Sure would be a better solution to determine why the system cannot handle these miniscul monitor routines and either add system resources (primarily more RAM usually does the trick, and isn't that expensive these days), or find non-essential services that you can remove from the server, or otherwise re-tune your server via various kernel tuning methods. 

Of course, a review of the various service and applicaiton logs might reveal additional issues to resolve that might free up system resources (and make the server capable of handling more processes/tasks). 

 

 

Zahid_Haseeb
Moderator
Moderator
Partner    VIP    Accredited

Yes the reason to show snaps is that I changed the VCS attributes for desire result.

Marianne
Moderator
Moderator
Partner    VIP    Accredited Certified

What makes you ask this question?

Many of our customers have multiple SGs with own dg(s) running on the same node.

If there are no service group dependencies that specifies 2 SGs cannot run on the same node (for various business or physical resource reasons, not VCS), then it is perfectly fine to have more than one SG with own dg(s) on the same node.
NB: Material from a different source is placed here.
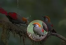 赤尾噪鹛中型鸟类,体长24~28厘米。头顶至后颈红棕色,两翅和尾鲜红色,眼先、眉纹、颊、颏和喉黑色,眼后有一灰色块斑。其余上下体羽大都暗灰或橄榄灰色。特征极明显,特别是通过鲜红色的头顶、翅和尾。…全部>>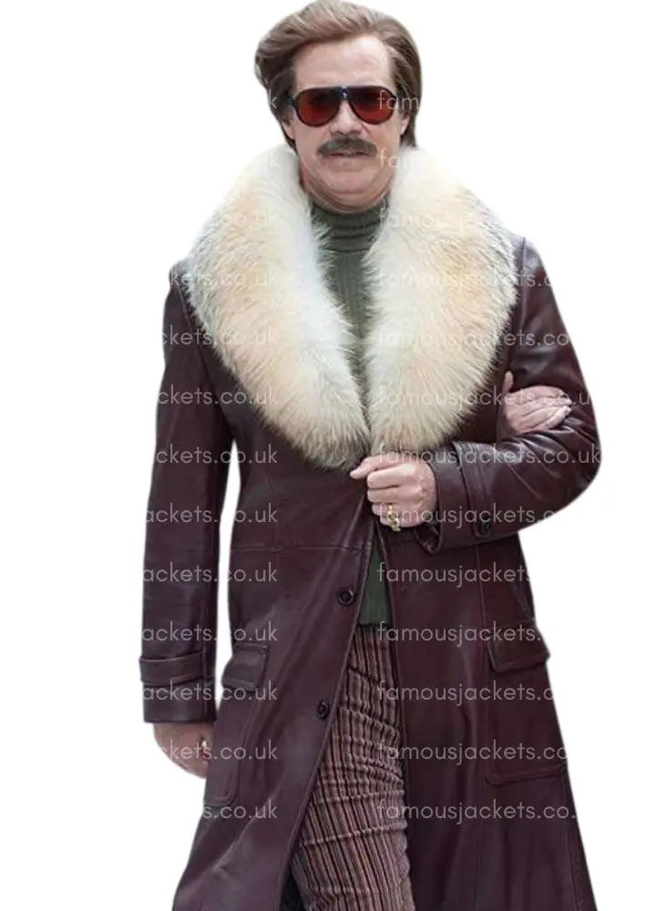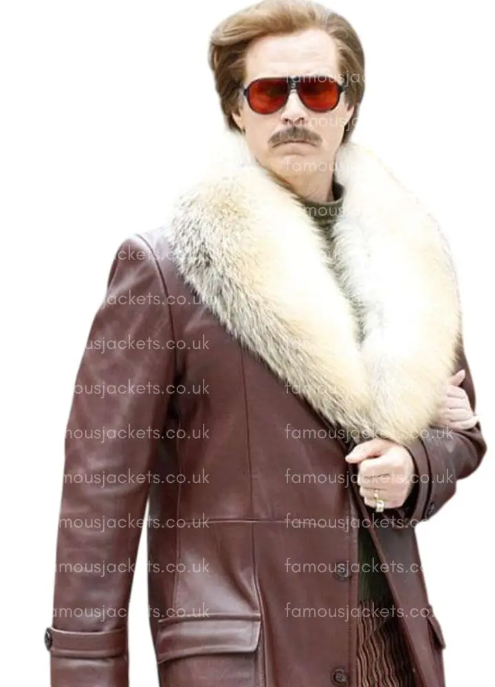 The Legend of Ron Burgundy continues in Anchorman 2 with Will Ferrell’s portrayal of Ron Burgundy which saw him don the iconic trench coat. In the film this Ron Burgundy Trench Coat was a hit with audiences for its rich brown color and plush shearling collar. Also known as the Anchorman 2 Ron Burgundy Coat, Will Ferrell Trench Coat or The Legend Continues Trench Coat this design is a mix of confidence, wit, and traditional male charm. For fans of the film and for those that appreciate great classic outerwear this Ron Burgundy Leather Coat is a must have for winter dates, casual nights out, theme events, or as a fashion statement.

I have never seen documentation to say a single node cannot have multiple DGs under multiple SG.
You cannot have same DG in multiple SGs.

In this particular environment, it seems that your cluster nodes are battling with physical resources that makes more than one SG/dg on a single node undesirable.

Zahid_Haseeb
Moderator
Moderator
Partner    VIP    Accredited

If there are no service group dependencies that specifies 2 SGs cannot run on the same node

 

Cannot have multiple DGs for multiple applications on a single Cluster node ?